BookmarkSubscribeRSS Feed
🔒 This topic is solved and locked. Need further help from the community? Please sign in and ask a new question.
pinkyc
Calcite | Level 5

s I think this is as much a logic question as SAS, but suppose input data looks like this:

Pat_ID     Pat_stat     Charge_code     Discharge

AA          10               11                         9/22/2012

BB          30               11                         5/11/2012

CC          10               55                         12/13/2012

DD           20               11                         6/4/2012

EE          30               55                         12/3/2012

The observations where pat_stat = 30, where charge_code <> 11 and Discharge after 12/1/2012 are to be selected.  However, an observation could have one, two or all three of those criteria (Pat_ID EE).  What is the best way to find the exact records that have these criteria but also determine if they overlap?  Such as, datasets that include ones with just pat_stat = 30, charge_code <> 11, or discharge > 12/1/2012 but also can pinpoint which ones have two of those criteria or three. For example, if I specify if charge_code <> 11, EE is included but it also has pat_stat = 30.  But I want to select it such that I can tell EE also has pat_stat = 30 and it has multiple criteria.

1 ACCEPTED SOLUTION

Accepted Solutions
ballardw
Super User

Code to read the data, create the flag and then print the results:

data have;
informat discharge mmddyy10.;
input Pat_ID  $   Pat_stat     Charge_code     Discharge ;
flag = cats( (pat_stat=30), (charge_code NE 11),(discharge > '01DEC2012'd) );
format discharge mmddyy10.;
datalines;
AA          10               11                         9/22/2012
BB          30               11                         5/11/2012
CC          10               55                         12/13/2012
DD          20               11                         6/4/2012
EE          30               55                         12/3/2012
;
run;

proc print data=have;
var Pat_ID  Pat_stat     Charge_code     Discharge   flag;
run;

Results: (minus the column headers cut by the forum)

1AA101109/22/2012000
2BB301105/11/2012100
3CC105512/13/2012011
4DD201106/04/2012000
5EE305512/03/2012111

So the flag on the first row: Pat_stat is not 30 so the first position of the flag is 0 for false

charge_code IS 11 (not <>) so is also 0 and the date is not greate than 12/01/2012 so 0.

In the second row the Pat_stat is 30 so the first position 1 for true and the remainder are 0 as both are false

In the third row charge_code <> 11 so the 2nd position is 1 and the date is larger so it is true.

This type of flag requires that you constantly be aware of the meaning for each position.

An additional exercise for the interested reader is to build a custom format for each value of flag and then use that format for display to describe what is going one.
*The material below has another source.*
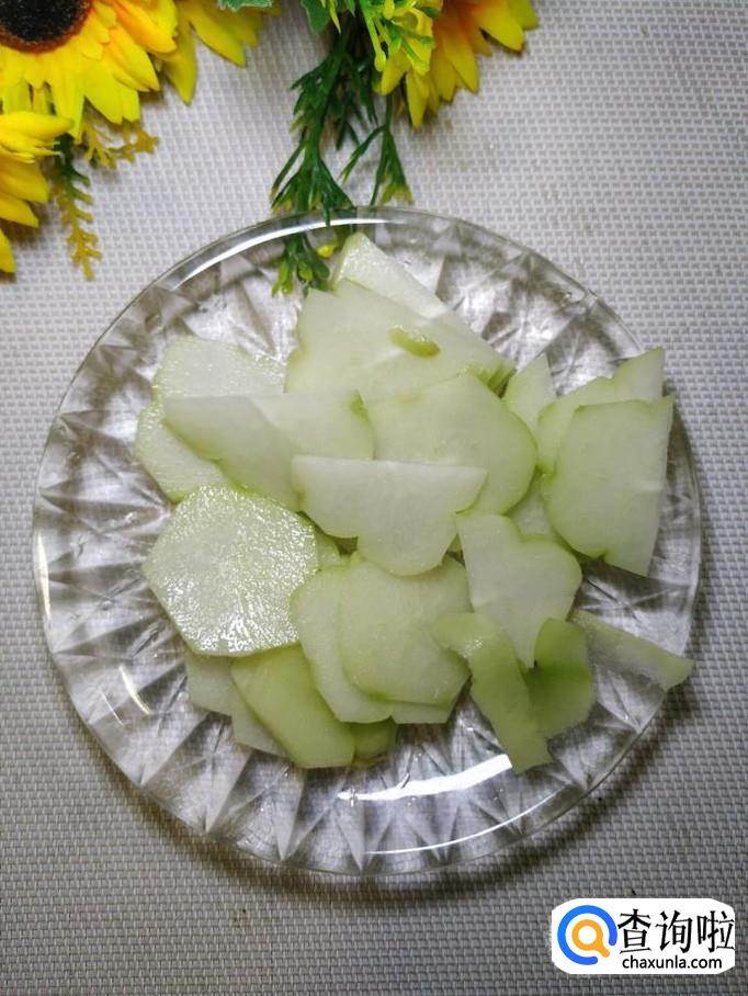 将佛手瓜去皮,去瓤,切成片,放入盘中备用;将青椒切成小片;取适量胡萝卜擦成丝,放入盘中备用。

An advantage AND weakness to this approach: You can have a lot of comparisons represented, 2^n where n is the number of comparisons. So you can build something hard to interpret quickly. Also if you don't specify a length for the flag variable you'll get a 200 character default.

A third approach would be three separate flags coded 0/1.Proc summary with the flags as class variables could get you a count of the combinations of 1,2 or 3 taken at a time.

View solution in original post

7 REPLIES 7
RW9
Diamond | Level 26 RW9
Diamond | Level 26

Sorry, not following your logic, could you provide an example required output?

pinkyc
Calcite | Level 5

Ballard got the gist of what I was aiming for, though I was hoping there'd be an easier way around the logic but I suppose there isn't a shortcut.  But to give an example:

Dataset pat_stat = 30 ONLY

Pat_ID

BB

EE

Dataset charge_code <> 11 ONLY

Pat_ID

CC

EE

Dataset Pat_stat = 30 AND charge_code <> 11

Pat_ID

EE

Basically, EE would appear in each three of these specifications, but it's redundant in the pat_stat = 30 only and charge_code <> 11 only outputs.  Since there are quite a few observations, I suppose I'll just have to do successive and/or statements to narrow it down.

ballardw
Super User

As I mentioned, the approach could depend on what you are doing next. How are you going to use the inclusion/exclusion?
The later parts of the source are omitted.